Tutto nacque nel 1954 quando Ruhrital - distributore autorizzato di prodotti Rexroth in Italia - si trasferì a Milano. Da quel momento in poi il futuro è stato segnato da tante tappe importanti che hanno determinato gli avanzamenti e il progresso di Bosch Rexroth raggiunti fino ad oggi. Nel 1961 Ruhrital si trasforma in Oleodinamica Ruhrital S.p.A. Nel 1971, invece, entra in scena G.L. Rexroth, che rileva il 75% del capitale di Oleodinamica Ruhrital, diventando Rexroth Ruhrital S.p.A. E, ancora, nel 1990 viene rilevata Wabco Tecniche Automazione, momento in cui per la prima volta la divisione “pneumatica” entra nel mercato italiano. Fino ad arrivare al 2001, quando la “Divisione Tecnica di Automazione Bosch” di Robert Bosch S.p.A. viene integrata on Rexroth, società già controllata da Atecs Mannesmann, dando vita a Bosch Rexroth AG (100% Bosch). Subito dopo, nasce in Italia Bosch Rexroth S.p.A., nella quale confluiscono le attività della “Divisione Tecnica di Automazione” di obert Bosch S.p.A. e quelle di Star Mikron S.p.A., con sede a Cernusco sul Naviglio (MI). Oggi, Bosch Rexroth vanta "cento anni di futuro Bosch" e "cinquanta anni di sviluppo Rexroth": insieme unite in un’unica azienda.
Bosch Rexroth Oil Controlo S.p.a., che ha saputo muoversi lungo il tortuoso cammino del secolo scorso, è una realtà economica che guarda al futuro per superare al meglio le insidie attuali. Saper guardare al futuro è una dote di questa azienda e, sempre in quest’ottica, ha scelto le soluzioni iPECS di Promelit, che sfruttano la tecnologia IP per effettuare le chiamate anche verso la rete pubblica e gestire le comunicazioni verso la intranet.

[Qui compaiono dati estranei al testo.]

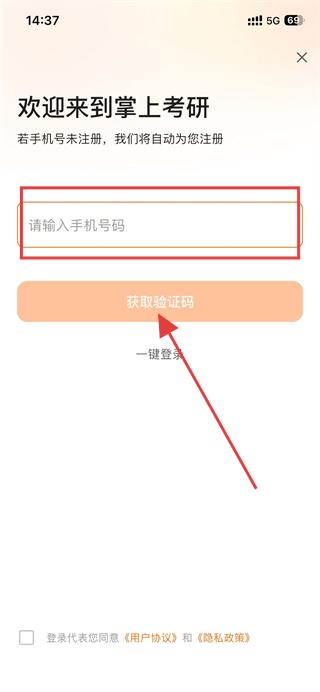 3、在登錄頁面,輸入手機(jī)號,獲取驗證碼。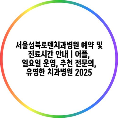 서울성북로덴치과병원 예약 및 진료시간 공지 | 어플, 일요일 운영, 추천 전연락, 유명한 치과병원 2025 에 대해 자주 묻는 질문 TOP 5

Ma, a differenza di altri sistemi nativi IP, offrono un insieme completo di funzioni sofisticate e di caratteristiche integrate che semplificano le esigenze interne relative alla telefonia e consentono di condividere al meglio le interfacce per le comunicazioni esterne.
Promelit OpenIP consente alle aziende di sfruttare i collegamenti dati per le comunicazioni voce tra filiali e tra utenti remoti, sia fisse che mobili; offre inoltre il particolare vantaggio di riutilizzare gran parte delle infrastrutture esistenti anche in caso di impianti, reti telefoniche e apparecchi di altra marca. La tecnologia DECT rimane la più affidabile per la copertura delle grandi aree e per la gestione delle stazioni base, nonché per la qualità della voce. La trasparenza con le nuove tecnologie è comunque tale da consentire di collegare anche telefoni IP, VOIP e WiFi. La gamma copre le esigenze di utenti da 4 a 600 derivati. Tutti i sistemi, comunque dimensionati, utilizzano lo stesso software e prevalentemente lo stesso hardware, e possono quindi essere messi in rete tra loro e con altri sistemi.
Questa soluzione ha permesso a Bosch Rexroth Oil Control S.p.a. di risparmiare tempo e denaro nella comunicazione tra le numerose filiali che sono presenti in Italia e nel territorio modenese.